Exercise: Leave the pictures out, and transcribe the material below exactly from the line with "Saat tiba di" to the line with "This elegant modern", both lines included.

═══ Information given ═══

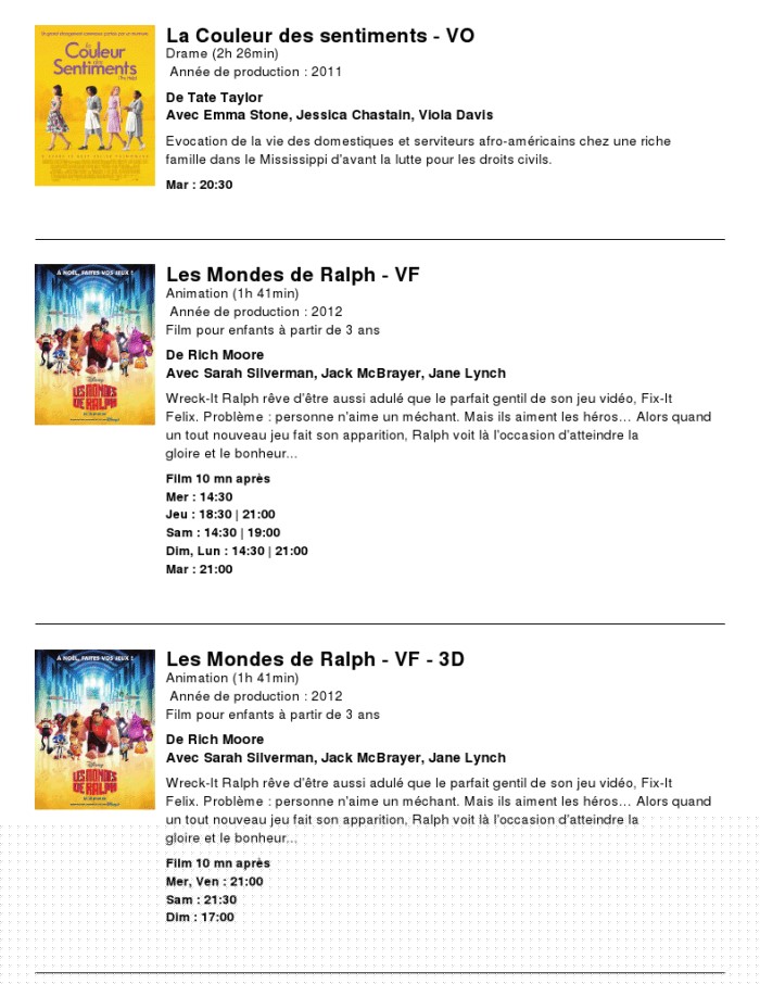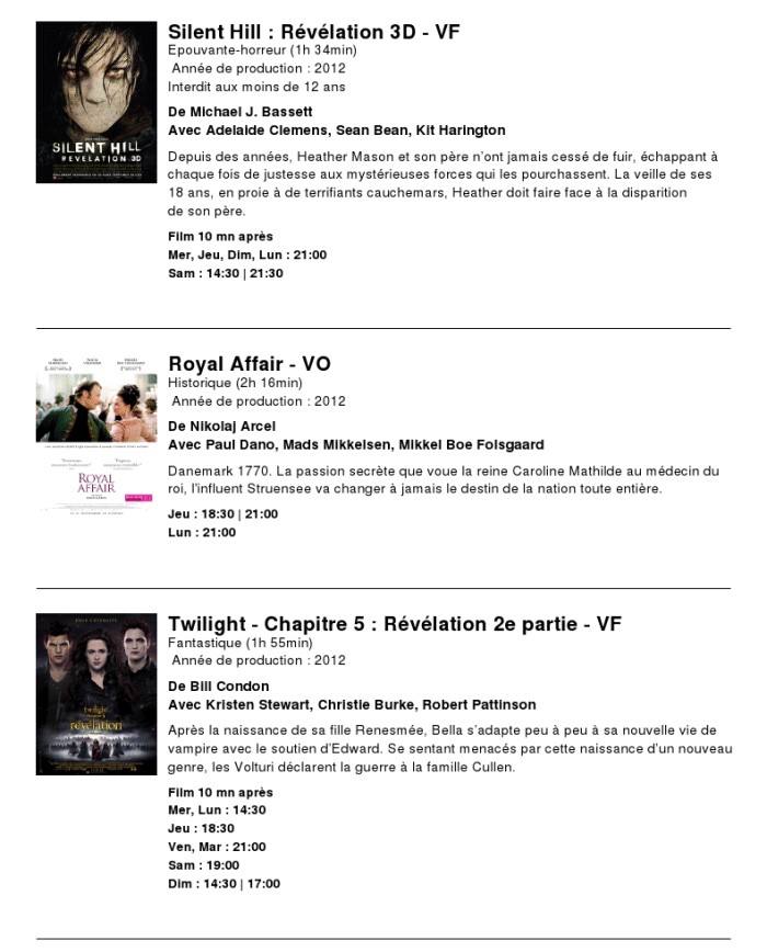 A l'affiche, cette semaine (du 5 AU 11 décembre 2012)
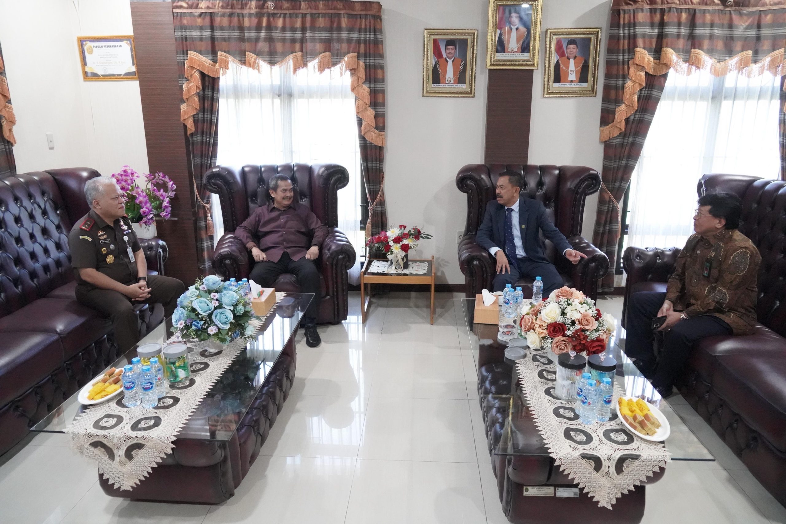 Saat tiba di kantor Pengadilan Tinggi Medan, Prof.Dr.Asep N Mulyana bertemu dan bersilaturahmi dengan Wakil Ketua Mahkamah Agung R.I Non Yudisial Dr. H. Dwiarso Budi Santiarto, S.H., M.Hum didampingi Ketua Pengadilan Tinggi Medan Dr. H. Siswandriyono, S.H., M.Hum.
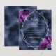 This elegant modern wedding menu features a silver geometric frame decorated with plum purple and silver floral bouquets on a navy blue faux foil background. The customisable text combines silver grey whimsical handwriting, copperplate and italic fonts.
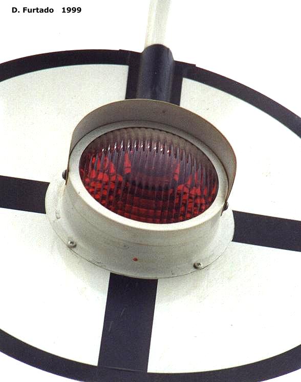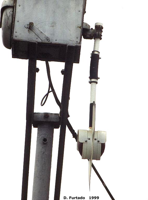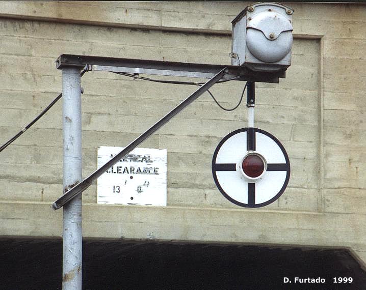 | On August 24th, 1999 I decided to take a trip out to Martinez and get some detail shots of the Martinez wigwag, since this is the last lower quadrant SP wigwag left in the SF Bay Area (excluding museums and Santa Cruz/Watsonville). I got some close ups of the reproduction banner. They are quite different from the original ones. Notice Martinez/Benicia Bridge in background of first picture (through tunnel). |
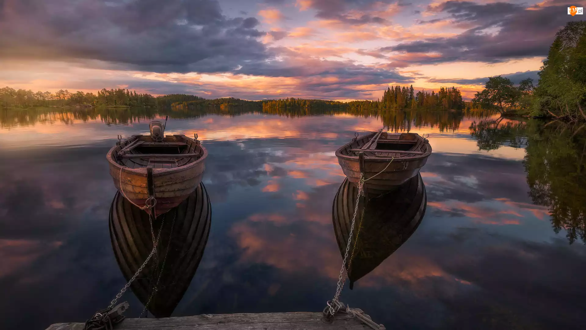 Ringerike, Jezioro, Chmury, Norwegia, Łódki, Pomost, Drzewa

═══

Output:
 Saat tiba di kantor Pengadilan Tinggi Medan, Prof.Dr.Asep N Mulyana bertemu dan bersilaturahmi dengan Wakil Ketua Mahkamah Agung R.I Non Yudisial Dr. H. Dwiarso Budi Santiarto, S.H., M.Hum didampingi Ketua Pengadilan Tinggi Medan Dr. H. Siswandriyono, S.H., M.Hum.
 This elegant modern wedding menu features a silver geometric frame decorated with plum purple and silver floral bouquets on a navy blue faux foil background. The customisable text combines silver grey whimsical handwriting, copperplate and italic fonts.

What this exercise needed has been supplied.